Rufus is primarily known today as the teacher of Epictetus, the slave who became a famous Stoic teacher.


By Gilad Sommer
Educator


Introduction

Gaius Musonius Rufus (c. 30 CE – c. 101 CE) was an influential 1st-century CE Stoic philosopher. While in modern times he is best known for being the teacher of Epictetus (c. 50 CE – c. 130 CE), Rufus was a highly respected figure in ancient times, considered by Origen a ‘Roman Socrates’ and by Tacitus as the foremost Stoic of his day. His life was an example of Stoic apathetic resistance to corrupt leadership and to the vicissitudes of time. 

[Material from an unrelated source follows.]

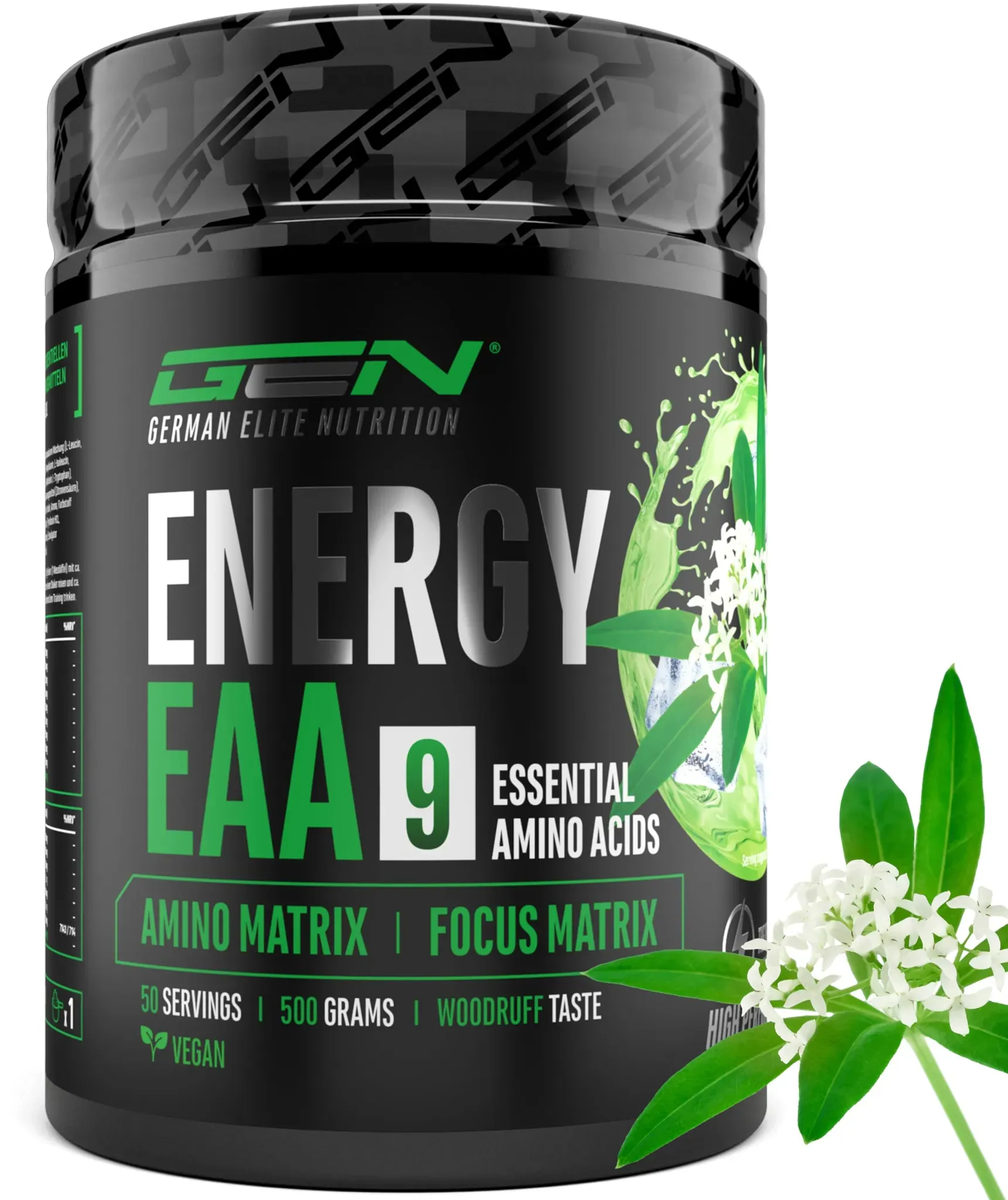 3 Werktage in_stock - Pre-Workouts Fitness Abnehmen,Aminosäuren,EAA Vitamine & Ergänzungen - EAN:4260601198391 - GEN Energy EAA - Deine Alternative zum Pre-Workout-Booster Stell dir vor, du betrittst das Gym mit voller Energie, dein Fokus ist messerscharf, und dein Körper ist bereit, alles zu geben. Kein Zittern, kein Crash - nur pure Leistungsbereitschaft. Das ist GEN Energy EAA, die perfekte Mischung aus essentiellen Aminosäuren und einem Hauch von Energie, die dich bei jedem Training unterstützt. Warum GEN Energy EAA? GEN Energy EAA wurde speziell für all jene entwickelt, die eine Alternative zu herkömmlichen Pre-Workout-Boostern suchen. Mit einer Kombination aus 9 essentiellen Aminosäuren und einer innovativen Focus-Matrix hilft dir unser Produkt, deine Ziele zu erreichen - ohne unnötige Füllstoffe oder Zuckerzusätze. Für wen ist GEN Energy EAA geeignet? Fitness-Enthusiasten: Perfekt für alle, die sich auf Muskelregeneration und Nährstoffversorgung konzentrieren möchten. Sportler mit klarem Fokus: Dank der Focus-Matrix mit Koffein und Taurin bleibst du auch in langen Trainingseinheiten mental stark. Bewusste Genießer: Vegan, glutenfrei und ohne Zucker - ideal für jeden Lebensstil. Was macht GEN Energy EAA einzigartig? Enthält 9 essentielle Aminosäuren (EAAs) wie L-Leucin, L-Isoleucin und L-Valin, die dein Körper benötigt, um optimal zu funktionieren. Innovative Focus-Matrix mit Koffein, Taurin und Guarana-Extrakt für zusätzliche Energie und Konzentration. Vitamin B6 ... Der EAA Energy Mix in Waldmeister ist eine ungewöhnliche und beliebte Geschmacksrichtung für alle, die Abwechslung suchen. Vitaminver sand24.com EAA Energy Mix - Waldmeister, 500 g

Throughout his life he was exiled three times; exile being a terrible punishment for a Roman citizen, seen at times as even worse than death. His relative lack of recognition in modern times is probably due to the unfortunately meagre remains we have from his teachings. Nevertheless, some lectures and fragments were preserved by his students.

Life

A detail from an illustration of the Stoic philosopher Epictetus (c. 50 CE- c. 130 CE) as imagined in a 15th Century CE scientific manuscript. The manuscript recounts an anachronistic discussion between the Roman emperor Hadrian (r. 117 – 138 CE) and Epictetus. / Wikimedia Commons

Existing sources make it difficult to establish a full biography, but it is clear that like other Stoics of his time, he had a very interesting life. He was born before 30 CE in Volsinii (modern Bolsena) to an Etruscan family of the equestrian class and died sometime before 101 CE.

When the senator and Stoic Rubellius Plautus was exiled from Rome in 60 CE by Emperor Nero (r. 54-68 CE), Rufus joined him to his estate in Asia. When Nero declared open season on Plautus, Rufus counselled him, against the advice of his friends, to await death calmly rather than to flee and live in fear. Rufus’ advice may seem hard to us, but it is in line with the Stoic teaching that death is not something to be terrified of and that the most important thing is to live according to one’s conscience, as a reflection of the logos, or reason. Rufus’s advice was accepted by Plautus, and he was indeed executed in his home by a freedman shortly after.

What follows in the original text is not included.